Edinburgh’s Castle rock has been a stronghold for over 3000 years. Captivating visitors with its ancient buildings and marvellous views, it continues to entertain with its amazing story.
Archaeologists have found evidence for human occupation of the Castle Rock reaching back to 900 BC, the late Bronze Age. During the Roman occupation of Scotland in the 1st and 2nd centuries AD, it was a thriving settlement. During this period, the area was known as Din Eidyn, ‘the stronghold of Eidyn’. After the English invasion, around AD 638, the rock has been known by its English name - Edinburgh.
In the Middle Ages Edinburgh became Scotland’s chief royal castle - seat of royalty, headquarters of the sheriff of Edinburgh, military garrison and storehouse of the royal gun train, and repository of the nation’s crown jewels and state records.
Impressive buildings were constructed, including the 12th-century St Margaret’s Chapel, the oldest building in Edinburgh, David’s Tower, built for David II, Robert the Bruce’s son, in the 1370s, and the monumental great hall of James IV, opened in 1511. But the long and bitter Wars of Independence with England took their toll, and the castle endured siege upon siege; Edward I, Edward III and Henry VIII all did their utmost to batter down the walls.
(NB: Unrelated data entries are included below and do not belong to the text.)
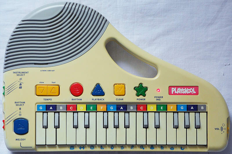 This monophonic toy keyboard from 1993 has nice POKEY rhythm and many sound similarities with the great Hing Hon EK-001. Unfortunately only 3 rhythms can be selected by hand, despite its demo tunes contain many additional rhythms.
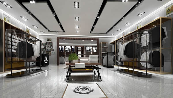 男裝店的裝修風格一般要顯示出男士的審美觀與品位,其色調上一般采用白色、黑色或者金屬相互協調搭配,不需要過多的鮮艷或繁雜,通常以現代簡約為主,在視線感觀上,寬敞、開放式的空間可以更好引發男士購物的欲望。
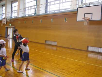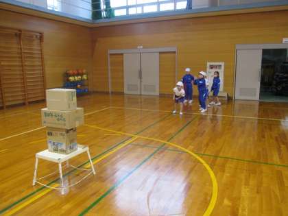 ボール投げの練習をしました。ドッジボールやお手玉を、段ボールの的やバスケットゴールのボードに向かって投げました。的を倒そうとよく狙って投げています。だんだん遠くからでも、的に当たるようになってきました。
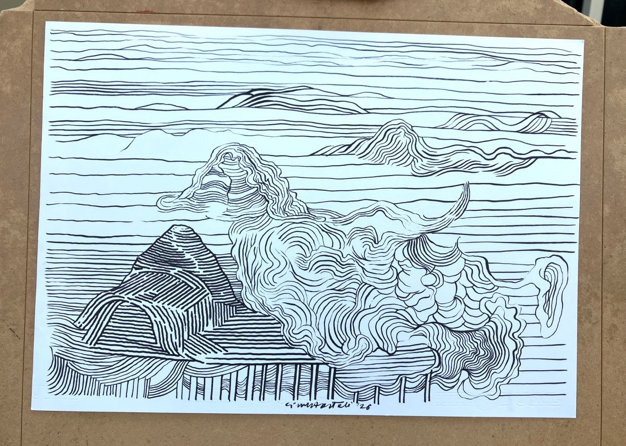 Senza titolo (tana e anatra nel paesaggio), china su carta ITI DUAL, 2026

In 1566 Mary Queen of Scots gave birth to James VI in the royal palace within the castle - A tiny bed-closet which still exists. In 1603 James VI became also James I of England - the ‘Union of the Crowns’. The departure of the Scottish court for London saw much of the royal personage go from the castle and thereafter the lasting stronghold became little more than a garrison fortress and arsenal. The last sovereign to sleep there was Charles I in 1633, prior to his coronation as king of Scots.
The Jacobite siege of 1745 - during which Bonnie Prince Charlie held court at Holyrood Palace but could not take the castle from the Hanoverian King George II - proved to be the last. Since that time, the ancient fortress has continued to serve as an active army base, but has since found new roles - as a major visitor attraction, as home of the Scottish National War Memorial and two proud Scottish regiments (the Royal Scots and the Royal Scots Dragoon Guards), and as host of the world-famous Edinburgh Military Tattoo.
In 1996 the Stone of Destiny, Scotland’s coronation stone, was placed in the Crown Room alongside the nation’s Crown Jewels (the Honours of Scotland), following its return from Westminster after a space of 800 years. In 1995 the Old and New Towns of Edinburgh were inscribed as a World Heritage Site, and the castle remains its most important building.